Camélia veut apaiser les esprits, désolée de voir que cette histoire « salit l’image de Jean Lurçat ». Morgane, la déléguée de la classe ne reconnaît pas la terminale STG2 dans ce qu’elle a lu et entendu ces derniers jours. « Avant tout ça, la proviseure et les profs ont dit qu’on était la plus calme des terminales, lance-t-elle. On se connaît tous depuis deux ou trois ans. Il y a une bonne ambiance. On est content d’aller en cours.

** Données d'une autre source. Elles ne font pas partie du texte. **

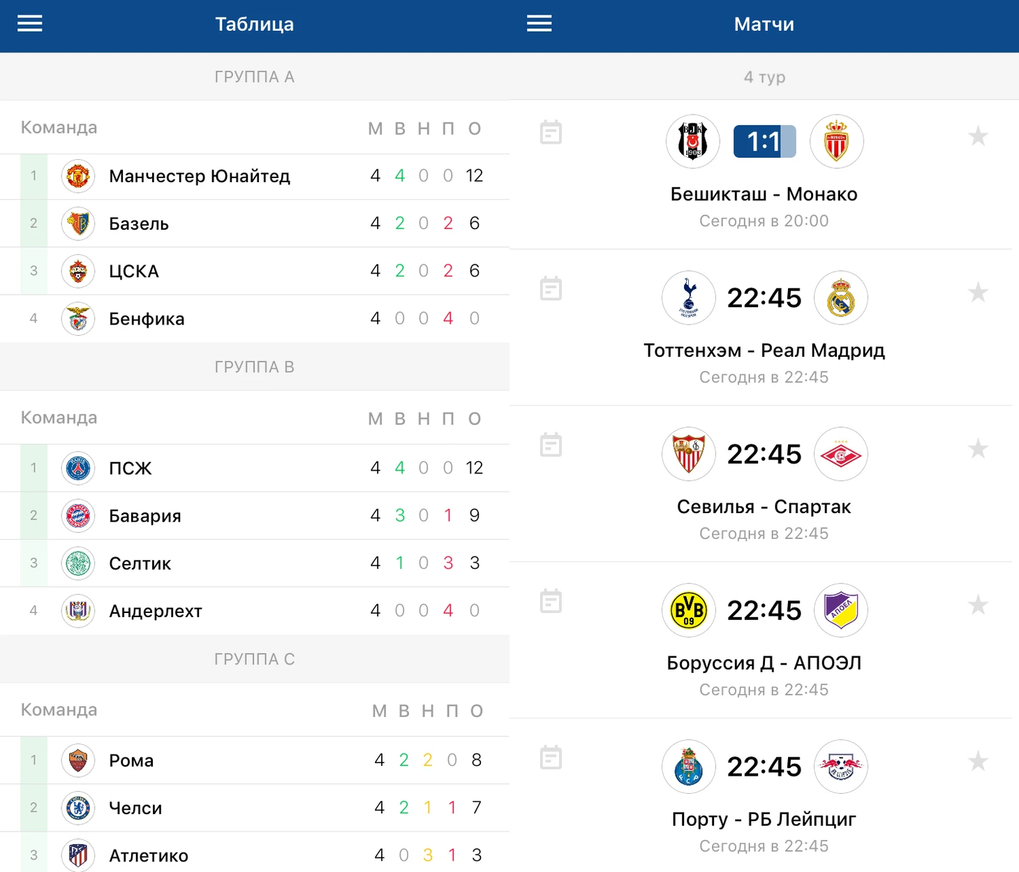 Следите за всеми событиями игрового дня в приложении «Лига Чемпионов+».

Et avec les autres profs, ça se passe bien. »

Des élèves ne peuvent pas demander à changer de professeur


Mercredi 25 novembre, près d’une semaine après le début de la grève de tous les enseignants du lycée pour soutenir leur collègue, Barbara Atières, enseignante en philosophie dans cette classe, espérait « un apaisement et un retour à des conditions de travail normales ». L’enseignante en philosophie continuait toutefois à s’interroger sur la démarche des élèves de cette classe « constituée majoritairement d'élèves sérieux et responsables » qui aurait « malgré tout perdu la conscience des droits et des devoirs de chacun dans une communauté scolaire ». Selon elle, « l'affaire est d'autant plus inquiétante qu'il ne s'agit effectivement pas d'élèves irresponsables, loin de là, et qu'il faut donc s'interroger sur les discours qu'ils entendent et qui leur laissent penser qu'on peut écrire à un proviseur pour demander un changement de professeur dont on n'apprécie pas la façon de faire. »

Nous avons tenté en vain d’entrer en contact avec Claudine Lespagnol, afin qu’elle puisse évoquer la nature de la relation, notamment pédagogique, qu’elle avait nouée avec cette classe et réagir à leurs affirmations. Le 21 novembre, dans l’édition électronique du journal Le Monde, la professeure d’anglais assumait une sévérité toute relative, se déclarant « un peu sévère… enfin, si l'on considère que leur demander de ranger leur téléphone - sans le leur confisquer, puisque nous n'avons pas le droit -, c'est être sévère ».

Sortie de crise, avec ou sans leur professeure ?


Les élèves de la désormais fameuse terminale STG2 se sentent totalement débordés par l’ampleur de ce qui est devenu une affaire d’Etat. Si les lycéens interrogés condamnent tous la lettre d'insultes, ils précisent ne pas comprendre les proportions « dingues » qu’a pris cette affaire. Mardi 24 novembre, Luc Châtel, ministre de l'éducation nationale, annonçait qu'il diligentait une enquête pour trouver le ou les auteur(s) de la seconde lettre. Morgane s’étonne qu'on ait pu prendre autant au sérieux le courrier d’un « gamin de niveau collège qui y a aussi écrit "Ce sera la guerre comme dans les Pokémon" ». Elle attend maintenant la reprise des cours. Avec ou sans Madame Lespagnol. Une décision qui n’appartient pas aux élèves.